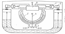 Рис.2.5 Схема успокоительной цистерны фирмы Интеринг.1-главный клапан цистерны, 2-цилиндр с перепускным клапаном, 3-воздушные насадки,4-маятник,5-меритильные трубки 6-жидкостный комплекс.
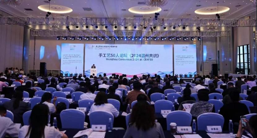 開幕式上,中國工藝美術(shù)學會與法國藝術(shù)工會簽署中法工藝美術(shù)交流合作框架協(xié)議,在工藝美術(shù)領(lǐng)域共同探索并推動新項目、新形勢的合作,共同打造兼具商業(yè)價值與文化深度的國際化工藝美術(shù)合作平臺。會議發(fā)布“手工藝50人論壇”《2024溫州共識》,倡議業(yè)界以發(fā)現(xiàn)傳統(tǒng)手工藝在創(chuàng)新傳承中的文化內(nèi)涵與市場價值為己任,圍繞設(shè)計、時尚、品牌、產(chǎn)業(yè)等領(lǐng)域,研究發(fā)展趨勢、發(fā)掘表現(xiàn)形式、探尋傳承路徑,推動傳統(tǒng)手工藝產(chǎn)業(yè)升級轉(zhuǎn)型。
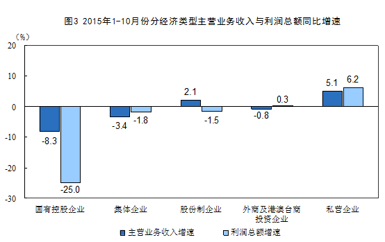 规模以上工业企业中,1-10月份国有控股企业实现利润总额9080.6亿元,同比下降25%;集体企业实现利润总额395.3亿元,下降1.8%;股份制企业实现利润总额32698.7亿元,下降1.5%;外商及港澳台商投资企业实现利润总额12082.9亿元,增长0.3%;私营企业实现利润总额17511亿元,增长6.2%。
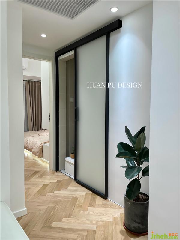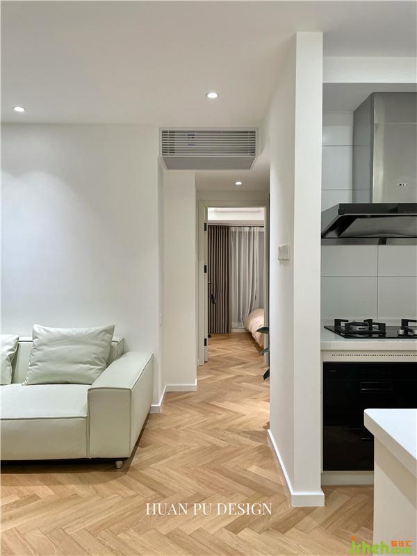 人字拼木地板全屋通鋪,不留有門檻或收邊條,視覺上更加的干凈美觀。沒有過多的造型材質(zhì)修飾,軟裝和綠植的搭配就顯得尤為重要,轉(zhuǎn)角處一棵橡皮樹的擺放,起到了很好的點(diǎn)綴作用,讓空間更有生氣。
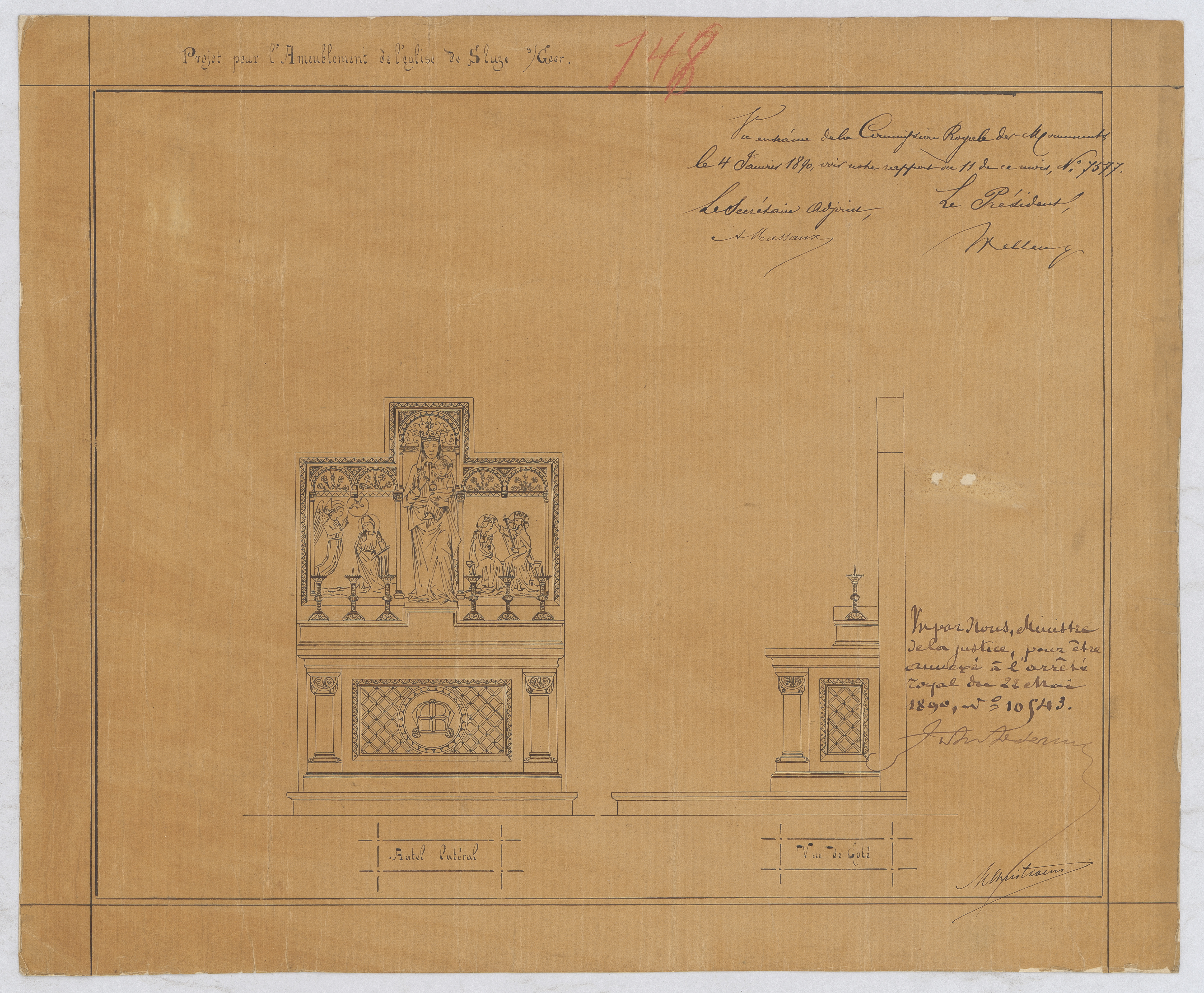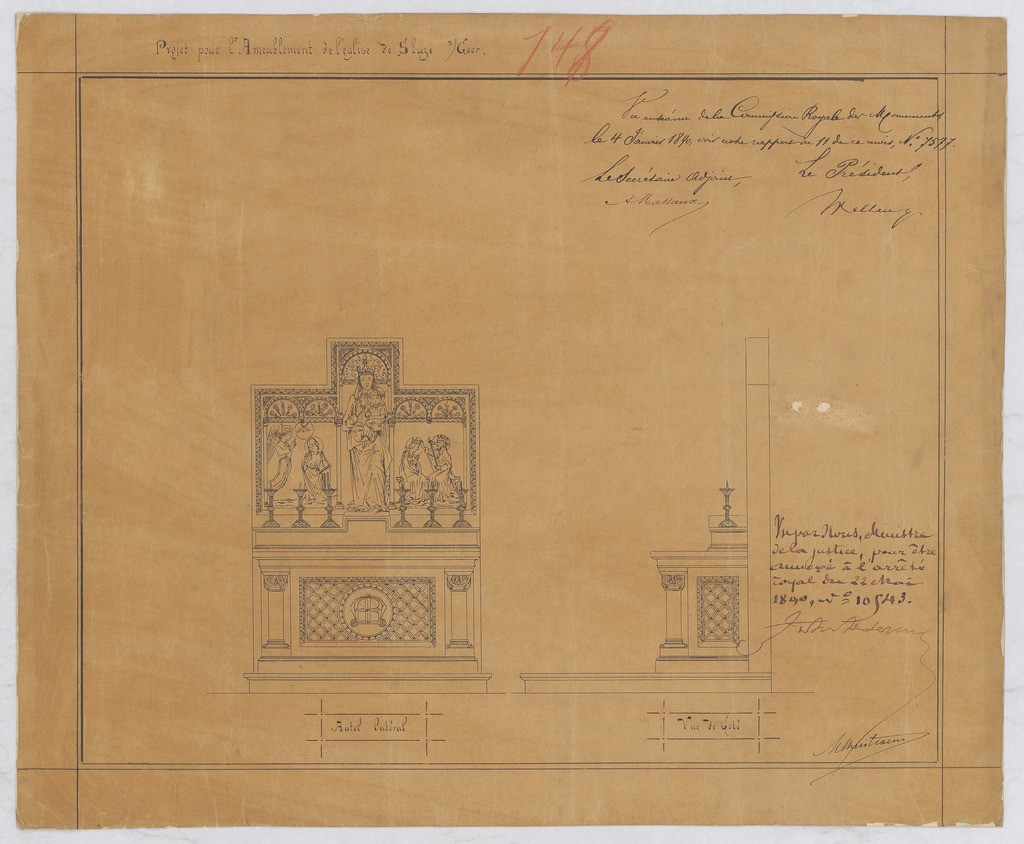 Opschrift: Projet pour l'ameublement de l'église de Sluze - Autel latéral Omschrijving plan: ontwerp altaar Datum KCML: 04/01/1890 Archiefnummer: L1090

● ● ● ● ●

* [WHAT THE EXERCISE ASKS] Give back the whole listing exactly; no pictures.

* [RESPONSE TO THIS TASK]
 Рис.2.5 Схема успокоительной цистерны фирмы Интеринг.1-главный клапан цистерны, 2-цилиндр с перепускным клапаном, 3-воздушные насадки,4-маятник,5-меритильные трубки 6-жидкостный комплекс.
 開幕式上,中國工藝美術(shù)學會與法國藝術(shù)工會簽署中法工藝美術(shù)交流合作框架協(xié)議,在工藝美術(shù)領(lǐng)域共同探索并推動新項目、新形勢的合作,共同打造兼具商業(yè)價值與文化深度的國際化工藝美術(shù)合作平臺。會議發(fā)布“手工藝50人論壇”《2024溫州共識》,倡議業(yè)界以發(fā)現(xiàn)傳統(tǒng)手工藝在創(chuàng)新傳承中的文化內(nèi)涵與市場價值為己任,圍繞設(shè)計、時尚、品牌、產(chǎn)業(yè)等領(lǐng)域,研究發(fā)展趨勢、發(fā)掘表現(xiàn)形式、探尋傳承路徑,推動傳統(tǒng)手工藝產(chǎn)業(yè)升級轉(zhuǎn)型。
 规模以上工业企业中,1-10月份国有控股企业实现利润总额9080.6亿元,同比下降25%;集体企业实现利润总额395.3亿元,下降1.8%;股份制企业实现利润总额32698.7亿元,下降1.5%;外商及港澳台商投资企业实现利润总额12082.9亿元,增长0.3%;私营企业实现利润总额17511亿元,增长6.2%。
 人字拼木地板全屋通鋪,不留有門檻或收邊條,視覺上更加的干凈美觀。沒有過多的造型材質(zhì)修飾,軟裝和綠植的搭配就顯得尤為重要,轉(zhuǎn)角處一棵橡皮樹的擺放,起到了很好的點(diǎn)綴作用,讓空間更有生氣。
 Opschrift: Projet pour l'ameublement de l'église de Sluze - Autel latéral Omschrijving plan: ontwerp altaar Datum KCML: 04/01/1890 Archiefnummer: L1090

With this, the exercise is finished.